姜夫人看了一眼她的额角,昨天撞的包因为姜季同的精心照顾已经消散了不少。

但她心中依旧还有疑问,“暖宝,你告诉外婆,你到底是怎么受伤的?”

暖宝不敢看她的眼睛,“是暖宝自己不小心摔的。”

“别和外婆说谎,外婆可是会生气的。生气了就不理你了。”姜夫人佯装生气。

暖宝慌了,只能将实情说出来,“二舅妈也不是故意的,肯定是我挤到她了。她肚子里还有宝宝,所以才会推开我。”

“你不用为她解释这么多。”姜夫人可不觉得她是无意的。

如果真的是无意,她完全可以说出实情,何必让暖宝跟着她一起说谎呢?

林氏这个人,难道真的没有看着那般单纯可欺?

“外婆,该起床了。不然可就烧不到头香了哦!”暖宝从她的怀里出来,趁着她穿衣服的空闲出去准备了洗漱用的热水。

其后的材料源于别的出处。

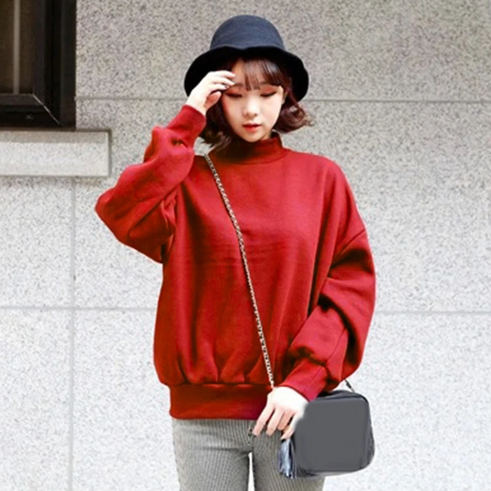 Осенне-зимняя повседневная женская однотонная толстовка с круглым вырезом и длинным рукавом, пуловер
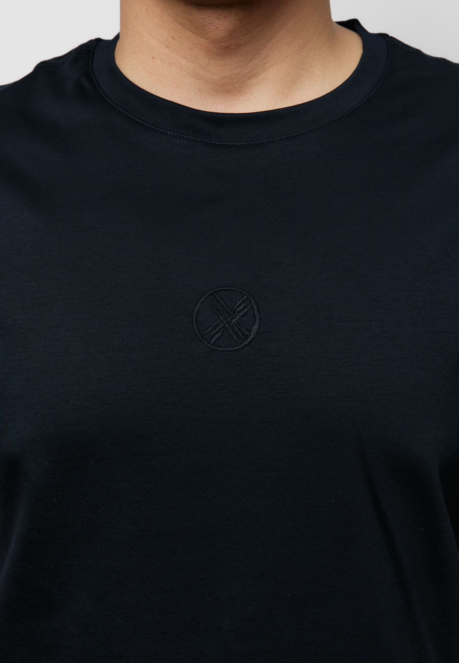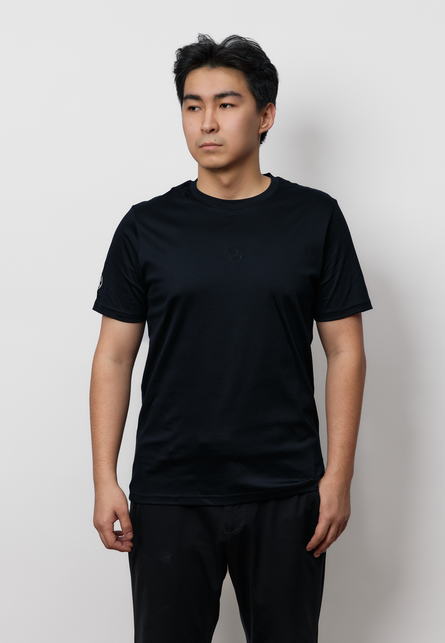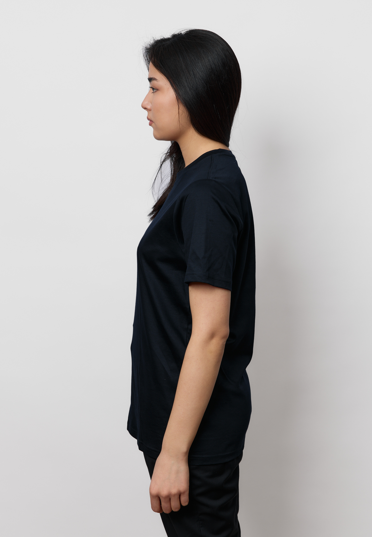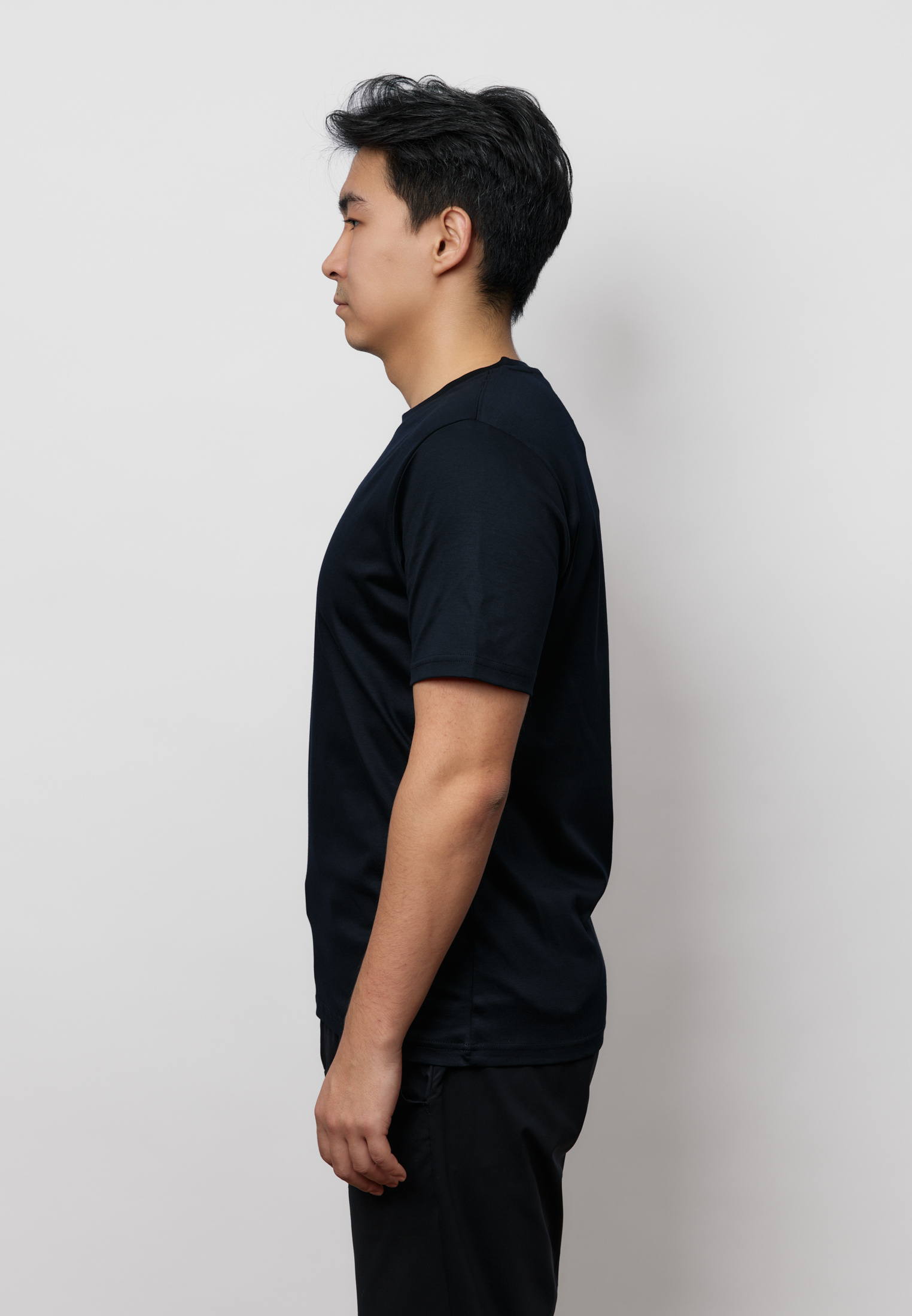 Футболка из 100% премиального мерсеризованного хлопка с идеально гладкой, плотной фактурой. Мерсеризация усиливает стойкость материала, делает цвет глубже и помогает вещи дольше сохранять аккуратный вид без катышков. Чистая базовая модель, которая выглядит собранно и уместно — от повседневных комплектов до более строгих сочетаний.
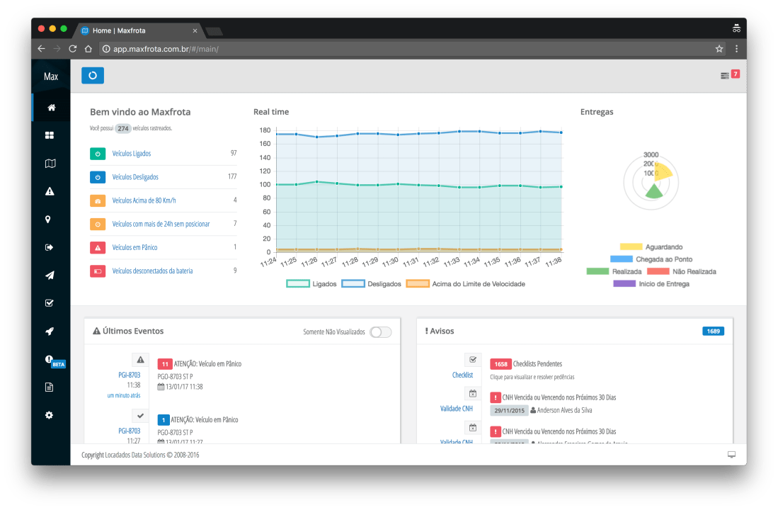 No lado esquerdo superior é possível visualizar de forma rápida a quantidade de veículos ligados, desligados, acima do limite de velocidade estabelecido pelo usuário, veículos com mais de 24 horas sem posicionar, com botão de pânico acionado e veículos com o rastreador desconectados da bateria (usando bateria interna). Na parte superior central um quantitativo minuto a minuto é exibido.

姜夫人看到暖宝端着一盆水回来,连忙到了她身边,“这客栈的人怎么能让你端这么大一盆水?”

“不重的。”暖宝以前还提过更重的东西,这对她来说根本就不算什么。

不过舅舅们说了,不能将以前在姜家过的日子告诉外婆,那样只会让她伤心。

接下来的几日,没有了风雪的袭扰,一路畅通。

他们在大年三十顺利到达了承天寺。

承天寺一向香火旺盛,尤其是到了过年这段时间,更是摩肩接踵,被挤得水泄不通。

想要进去上柱香都得等很长时间,更不用说排着队要见弘一大师的人了。

不过上香容易,见弘一大师难。

他独居在后山的禅院里,远离这里的喧嚣。所有想要见他的人,都无一例外被他拒绝了。

就连姜季诚递上去的帖子也一样被退了回来。

“早就听说了这弘一大师脾气古怪,没想到能怪成这样,不管是谁要见他,都一律回绝。听闻这十来日,他一个人也没见。只怕是我们也见不到他。”姜季同去打听了一圈,有的人已经在这里等了半个月,只为求他一见。

“我原本也不是来见他的,见不到就见不到吧。”姜季诚倒是一副无所谓的样子。

可他的的手却不自觉地抚上了那串佛珠。

或许他们之间原本就是有缘无分,所以才会这么久都不曾见过一次。

既然缘分已经尽了,他强求也没用。

“珍珠,容瑾哥哥在哪里啊?我怎么没有看到他?”暖宝还以为她和容瑾在路上就能遇到,毕竟他们是同一日出发的。

但她都到了承天寺,也没有看到容瑾的影子。

他将一串佛珠给了自己,应该不会出了什么事吧?

“放心,他没事,只是路上遇到点麻烦,耽误了时间。再过半日就能到了。”珍珠追踪了一下容瑾的轨迹,发现他在路上耽误了一日时间。

应该受了点伤,但并没有什么大碍。

“你可以带我去后山吗?”暖宝想要偷偷去见弘一大师。

“他应该不会欢迎这样的客人,暖宝。我们还是递个帖子吧。”珍珠可不想用这样的方式去打扰。

万一惹怒了他,可就不会再有机会了。

“可是我不认字,更不会写字。”说到帖子,暖宝很为难。

“放心,他是高僧,就算我们什么也不写也没关系。”珍珠将它从姜季诚那里顺手牵羊来的一张帖子拿给暖宝,让暖宝拿着帖子将自己为什么来这里说了出来。

“这样就行了吗?”暖宝看着空****的帖子,“我不会写,但是我会画,不如我画给他吧?”

她担心弘一大师看到空白的帖子根本不会理会,于是让珍珠给她找来了几块烧过的炭。

在李家的时候,她时常会用炭画画,这还是娘亲教给她的。

暖宝在帖子上画了那座庙宇,画了那棵大榕树,庙宇里是个吃人的怪物,所有进到里面的人都会被吃掉。

“这样他应该能看明白吧?”

珍珠凑过去看了一眼,尽管暖宝的画还很稚嫩,却将那庙宇和榕树勾勒得与现实中近乎一致。

尤其是那只怪物,画得颇为可怕。

好似她真的见过一般。

在画的一角,她写下了她唯一会写的两个字:暖宝。

“一会儿我就想办法将这帖子混进去。”珍珠可没有想用寻常的办法地是递上帖子,肯定不会成功。

它会在小和尚将帖子拿去后山的时候将暖宝的帖子混进去。

两个时辰过后,有个小和尚匆匆跑出来,大声喊道:“哪位施主叫暖宝?弘一师叔要见你!”